Data Blocks and the Index System

In accordance with an embodiment, the multidimensional database uses data blocks and an index to store and access data. The system can create a multidimensional array or data block for each unique combination of sparse standard dimension members, wherein each data block represents the dense dimension members for its combination of sparse dimension members. An index is created for each data block, wherein the index represents the combinations of sparse standard dimension members, and includes an entry or pointer for each unique combination of sparse standard dimension members for which at least one data value exists.

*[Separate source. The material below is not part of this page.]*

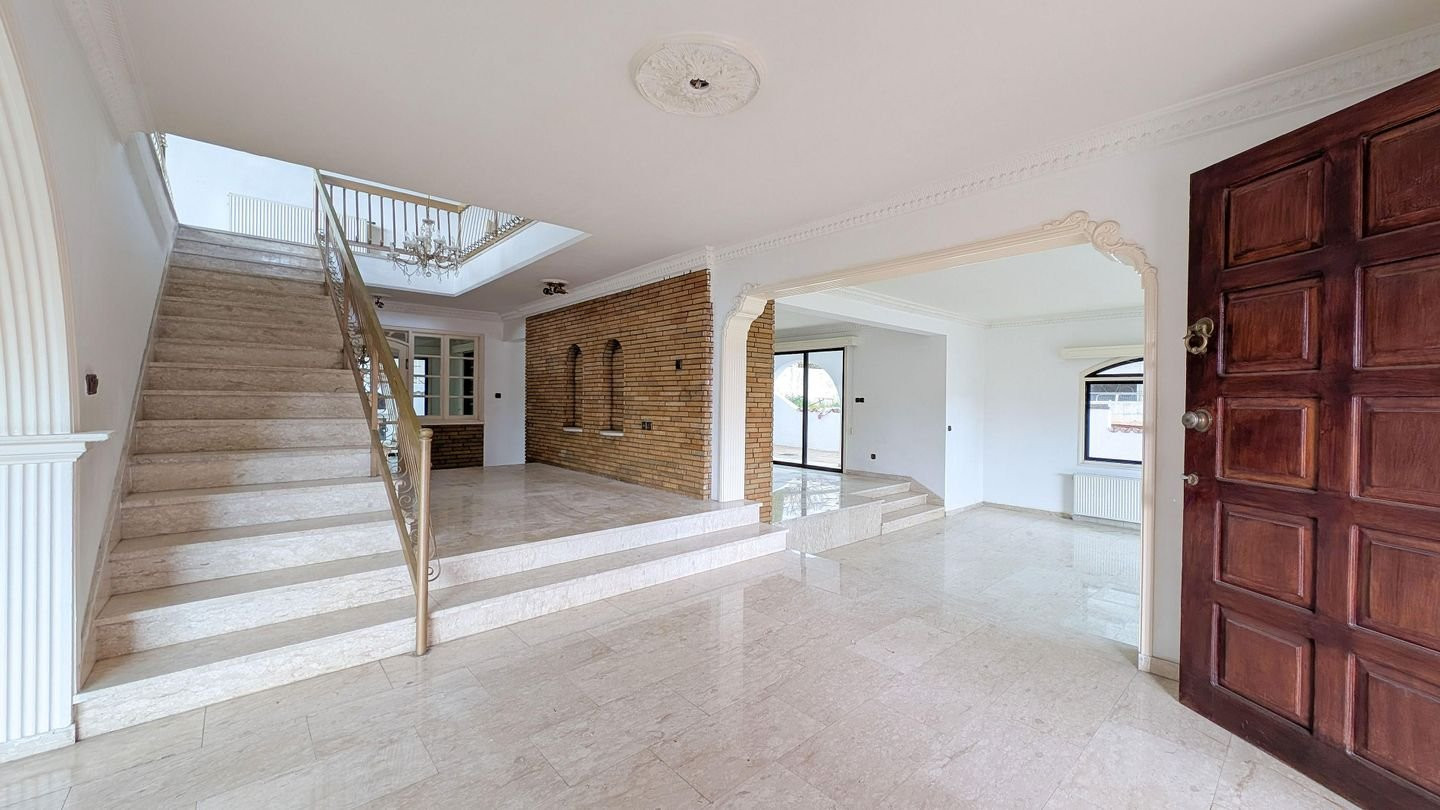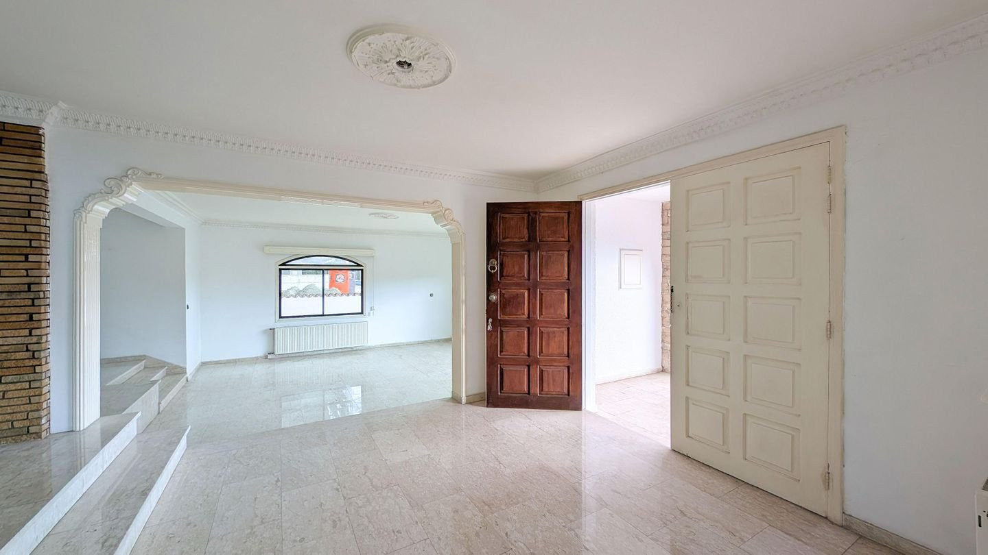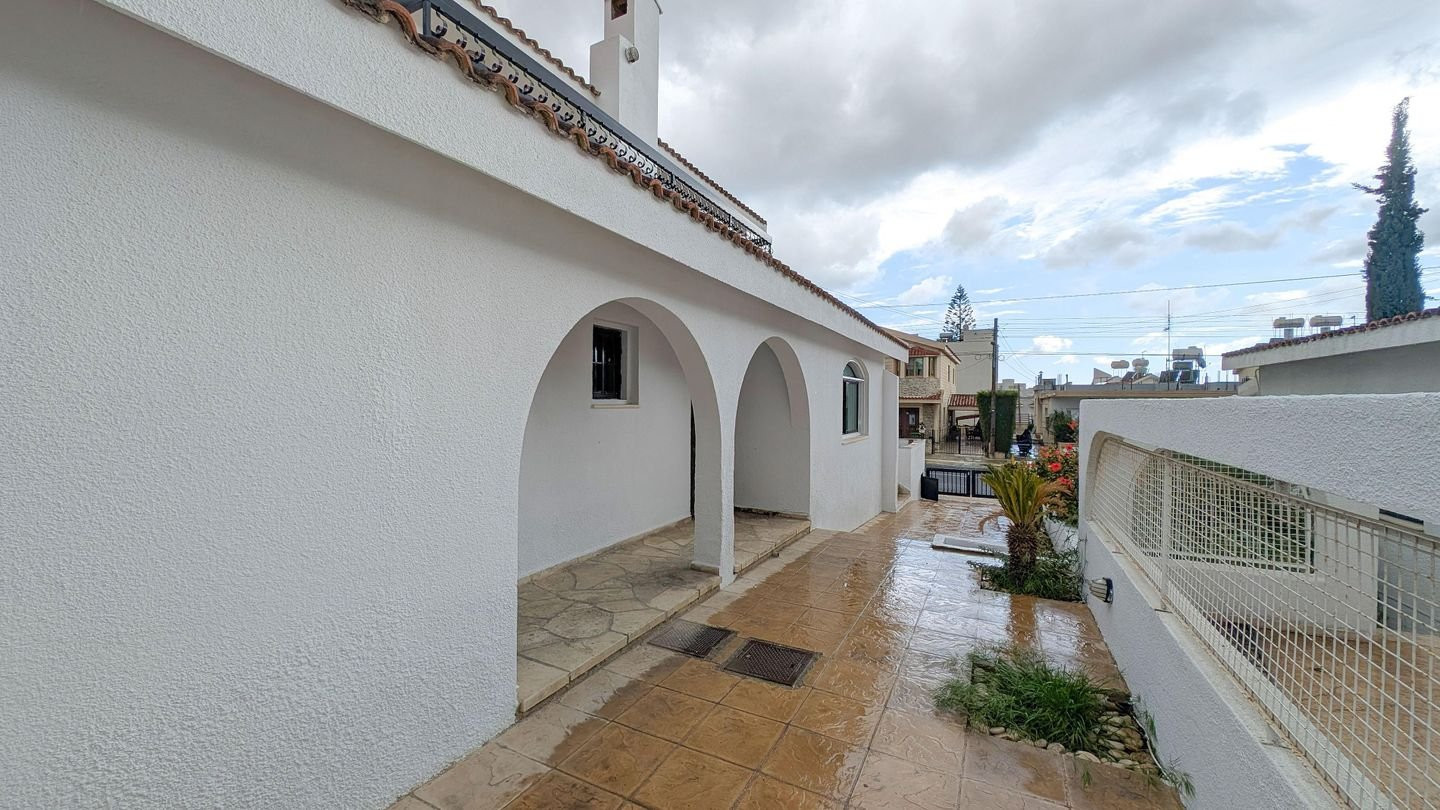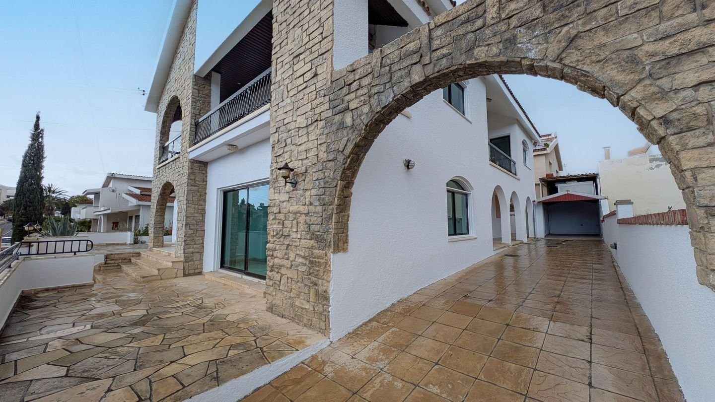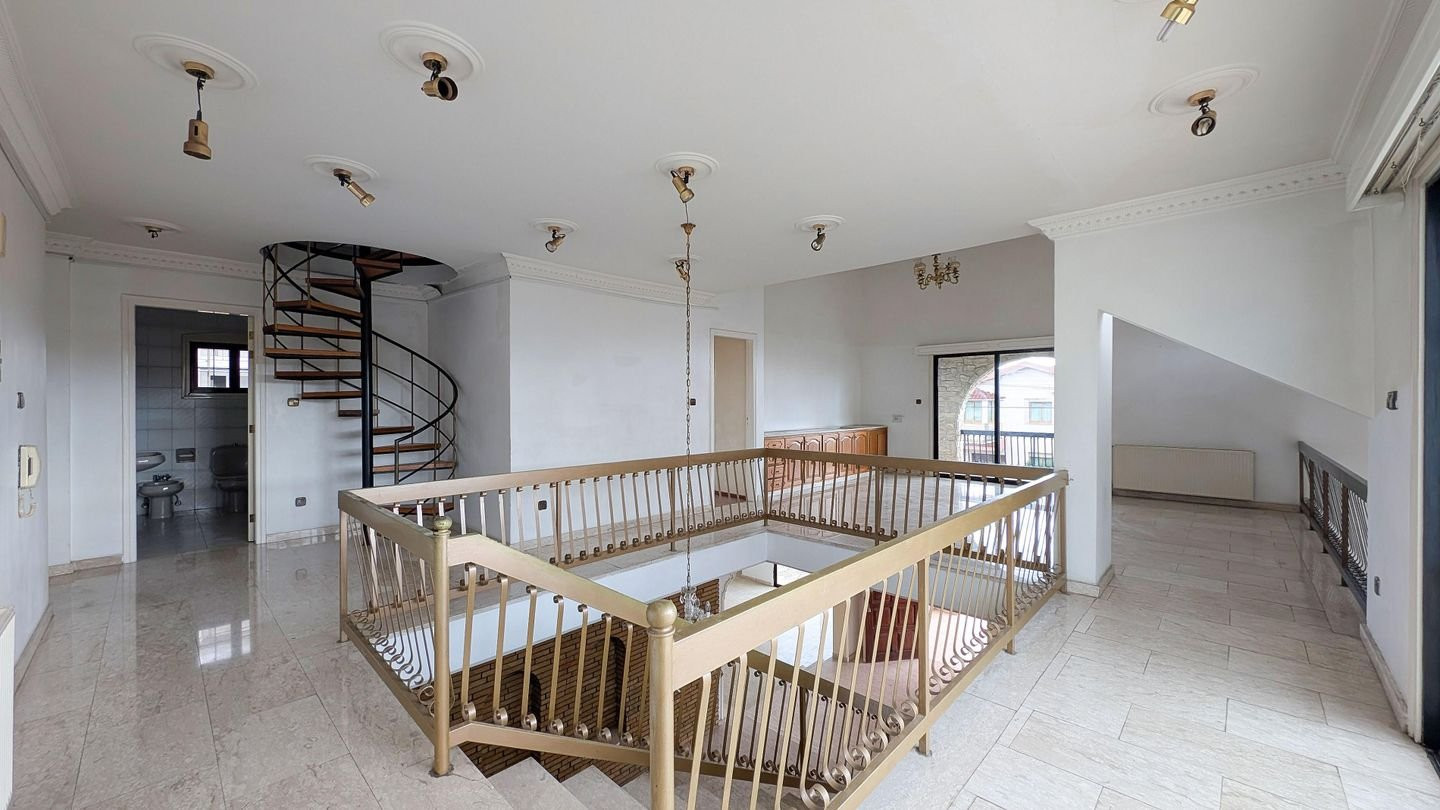 Stunning Three-bedroom detached house with attic on a large plot, located in Agia Fylaxi / Agios Georgios Quarter in Limassol Municipality. Property Highlights: • Land Area: 521sq.m. • Total Covered Area: 332sq.m. • Covered veranda: 75sq.m. • Uncovered veranda: 14sq.m. • Attic: 45sq.m. Internal Layout: • Ground Floor: Features an entrance area, spacious living room, lounge, formal dining room, kitchen with informal dining area, laundry room, and guest toilet. • Upper Floor: Boasts 3 spacious bedrooms, including a master bedroom with en-suite bathroom and walk-in wardrobe, plus a shared family bathroom and additional sitting area. • Attic: Open-plan attic space with water tank room, accessed via spiral metal staircase, suitable for playroom, office, or storage. • External: Outdoor BBQ area and auxiliary covered parking. Location: • Approx. 360m west of Tsirio Stadium. • Approx. 395m northeast of the 25th Primary School of Limassol. • Approx. 275m west of Apollonia Student Halls, with easy access to central Limassol and surrounding amenities. Pending issuance of Energy Performance Certificate.

In accordance with an embodiment, when the multidimensional database server searches for a data value, it can use the pointers provided by the index, to locate the appropriate data block; and, within that data block, locate the cell containing the data value.

Administration Services

In accordance with an embodiment, an administration service (e.g., Essbase Administration Services) provides a single-point-of-access that enables a user to design, develop, maintain, and manage servers, applications, and databases.

Studio

In accordance with an embodiment, a studio (e.g., Essbase Studio) provides a wizard-driven user interface for performing tasks related to data modeling, cube designing, and analytic application construction.

Spreadsheet Add-in

In accordance with an embodiment, a spreadsheet add-in integrates the multidimensional database with a spreadsheet, which provides support for enhanced commands such as Connect, Pivot, Drill-down, and Calculate.

Integration Services

In accordance with an embodiment, an integration service (e.g., Essbase Integration Services), provides a metadata-driven environment for use in integrating between the data stored in a multidimensional database and data stored in relational databases.

Provider Services

In accordance with an embodiment, a provider service (e.g., Hyperion Provider Services) operates as a data-source provider for Java API, Smart View, and XMLA clients.

Smart View

In accordance with an embodiment, a smart view provides a common interface for, e.g., Hyperion Financial Management, Hyperion Planning, and Hyperion Enterprise Performance Management Workspace data.

Developer Products

In accordance with an embodiment, developer products enable the rapid creation, management, and deployment of tailored enterprise analytic applications.

Lifecycle Management

In accordance with an embodiment, a lifecycle management (e.g., Hyperion Enterprise Performance Management System Lifecycle Management) provides a means for enabling enterprise performance management products to migrate an application, repository, or individual artifacts across product environments.

Olap

In accordance with an embodiment, online analytical processing (OLAP) provides an environment that enables users to analyze enterprise data. For example, finance departments can use OLAP for applications such as budgeting, activity-based costing, financial performance analysis, and financial modeling, to provide “just-in-time” information.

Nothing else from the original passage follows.